INFORMATION PROVIDED: Begin

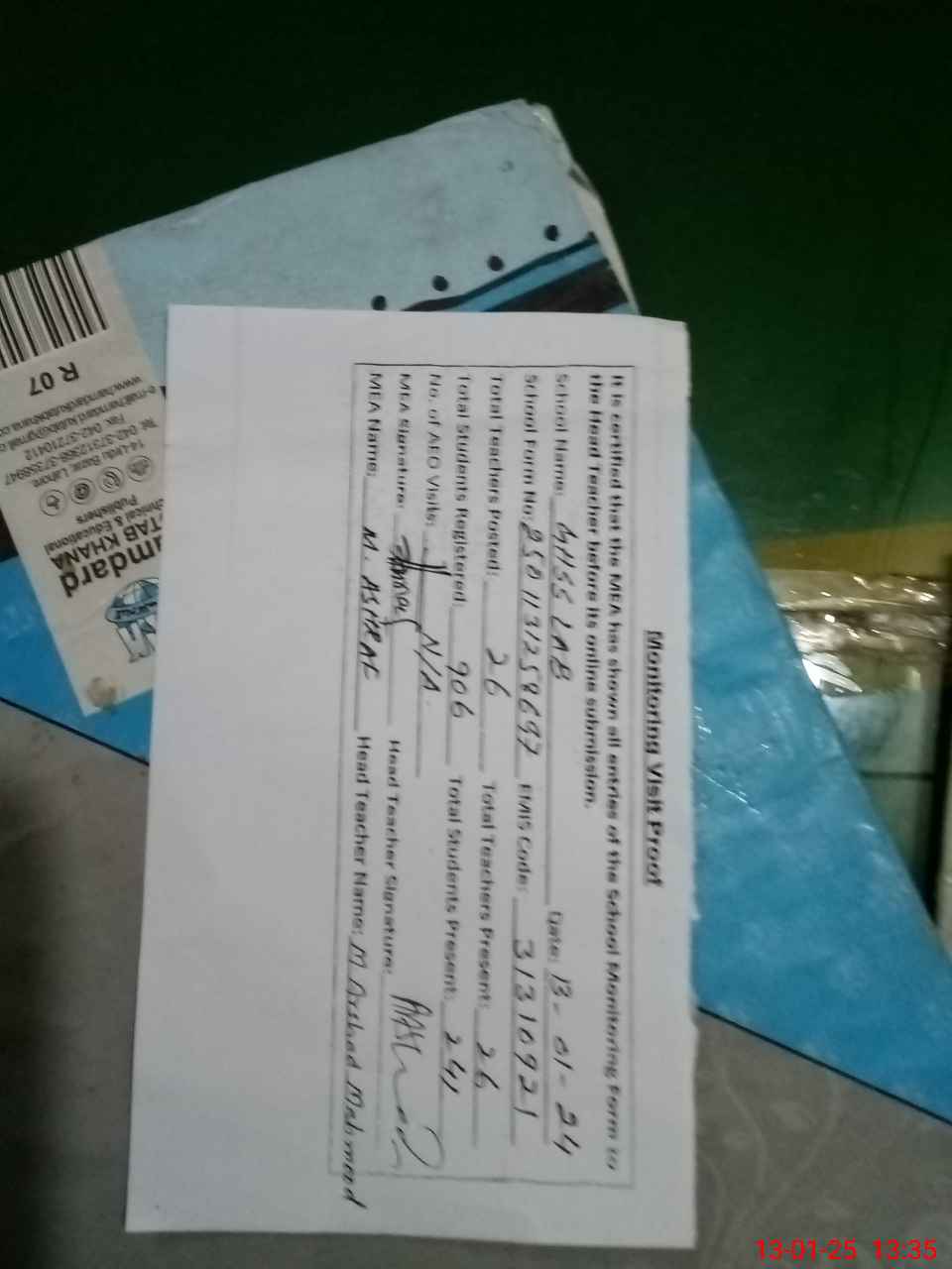 | Attendance Register | Head Teacher | MEA with School | Visit Proof |
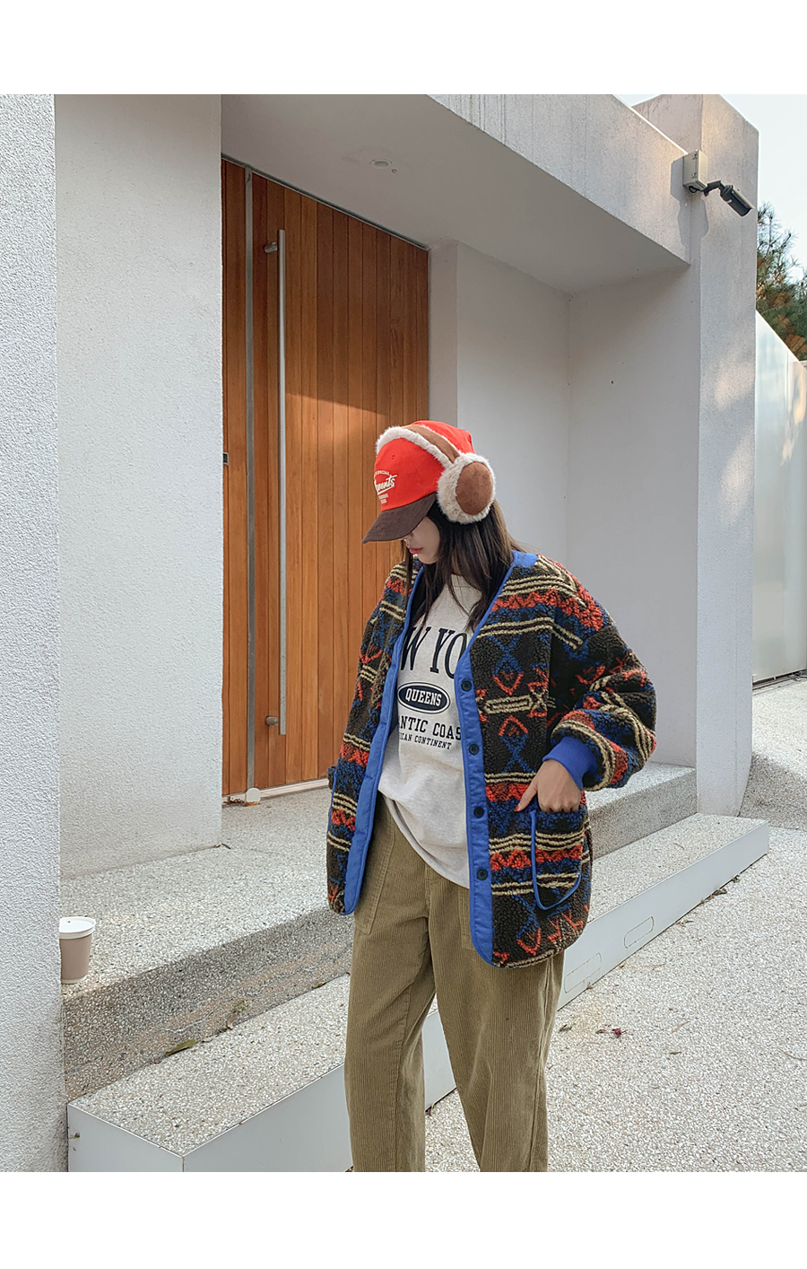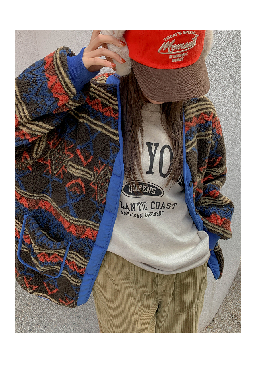 New York Printing Peach Fleece Short Sleeves T-shirt
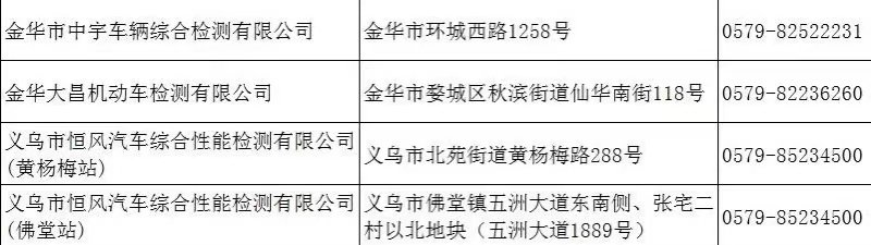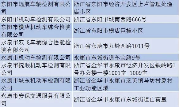 金华=车辆年检“一件事”联办第一批试点检测站名单

INFORMATION PROVIDED: End

WORK INSTRUCTIONS:
Return the listing above verbatim and exclude every picture.

RESULT BELOW:
 | Attendance Register | Head Teacher | MEA with School | Visit Proof |
 New York Printing Peach Fleece Short Sleeves T-shirt
 金华=车辆年检“一件事”联办第一批试点检测站名单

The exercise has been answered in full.